European funded project to investigate ‘jumping genes’

Dr Andrea Betancourt

The Institute of Integrative Biology is leading on a new project to investigate the evolutionary genetics of transposable element invasions.

The five-year study is being supported by a prestigious £1.77m European Research Council Consolidator Grant that was awarded to Dr Andrea Betancourt in the most recent round of funding.

Transposable elements (TEs), commonly referred to as ‘jumping genes’, are mobile segments of DNA that can move from one position to another within a genome, sometimes causing mutations where they land.  Several famous mutants are due to transposable elements, includingthe black form of the peppered moth, which spread rapidly during the Industrial Revolution.. While this transposable element insertion benefited its host species, often these mutations harm host genomes, and they may underlie some genetic diseases.

However, in spite of causing harm to their hosts, transposable elements persist in evolution.  The reason is that, while an individual host may evolve immunity to a transposable element, the element can escape this immunity by jumping from one host species to another. These ‘invasions’ of new hosts are currently not well-understood, and the aim of the study is to learn more about them.

Project Lead, Dr Betancourt said: “Currently, not much is known about how TEs transfer to new hosts, or how they affect their new hosts. This is surprising, as TEs are a really important component of genomes; some genomes have more transposable element DNA than DNA from any other source. We’re going to try to help fill in these blanks—looking at how TEs move between species, and how hosts adapt to the arrival of a new parasitic gene.”

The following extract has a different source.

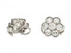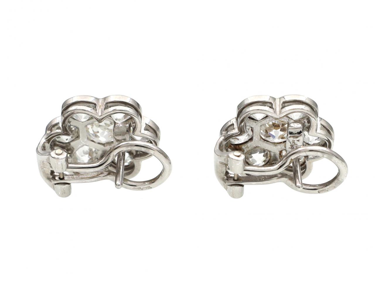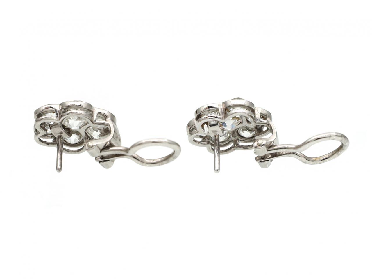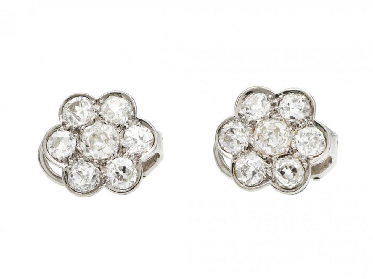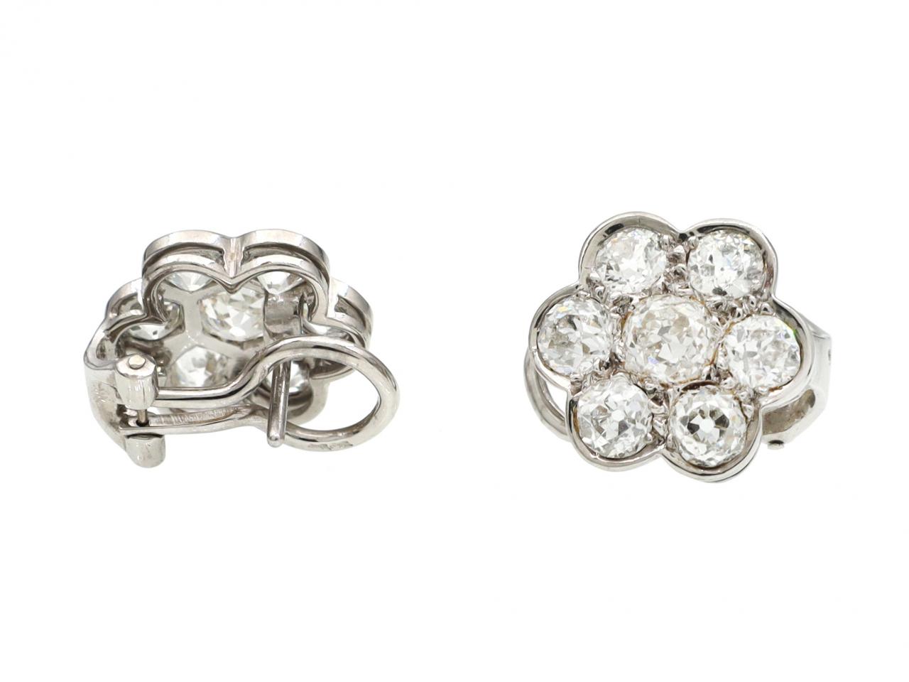 Vintage French diamond floral cluster earrings in 18kt white gold. A matching pair of earrings, each centrally set with a round Old European cut diamond in a grain setting, surrounded by six round Old European cut diamonds in grain settings, to an impressive flower cluster with scalloped polished edges and open linear gallery, fitted to the reverse with a secure post and hinged omega clip. Estimated total diamond weight 3.00cts. Hallmarked 18kt gold, French.

The study will combine new genomic techniques with classical genetics and molecular biology. Dr Betancourt’s previous research has tackled a wide variety of questions in evolutionary genetics, addressing the role of recombination and sex-linkage in evolution, and the spread of selfish elements in Drosophila.

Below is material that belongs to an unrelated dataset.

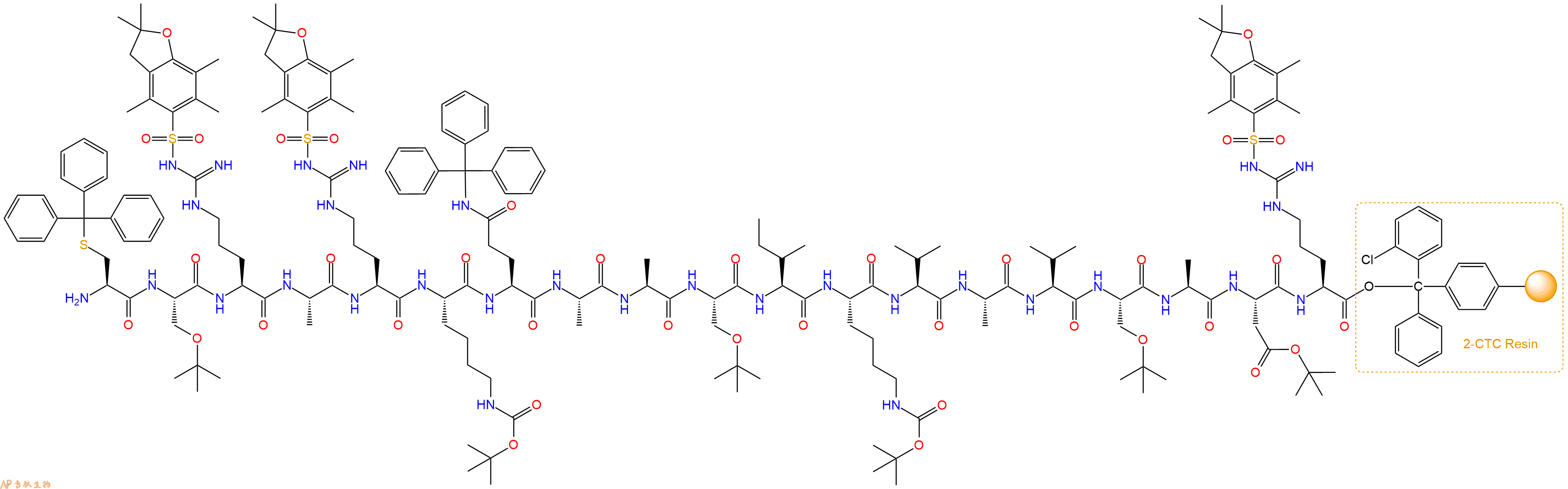 H2N-Ser(tBu)-Arg(Pbf)-Ala-Arg(Pbf)-Lys(Boc)-Gln(Trt)-Ala-Ala-Ser(tBu)-Ile-Lys(Boc)-Val-Ala-Val-Ser(tBu)-Ala-Asp(OtBu)-Arg(Pbf)-CTC Resin

On the funding awards, President of the ERC, Professor Jean-Pierre Bourguignon, commented: “This ERC funding will allow ambitious scientists to establish or strengthen their teams in Europe and be truly creative in their research. Beyond a push to the grantees’ careers, this European support will offer an excellent working environment for younger researchers at doctoral and post-doctoral levels. We look forward to see many of these daring ideas come to fruition, to the benefit of Europe at large.”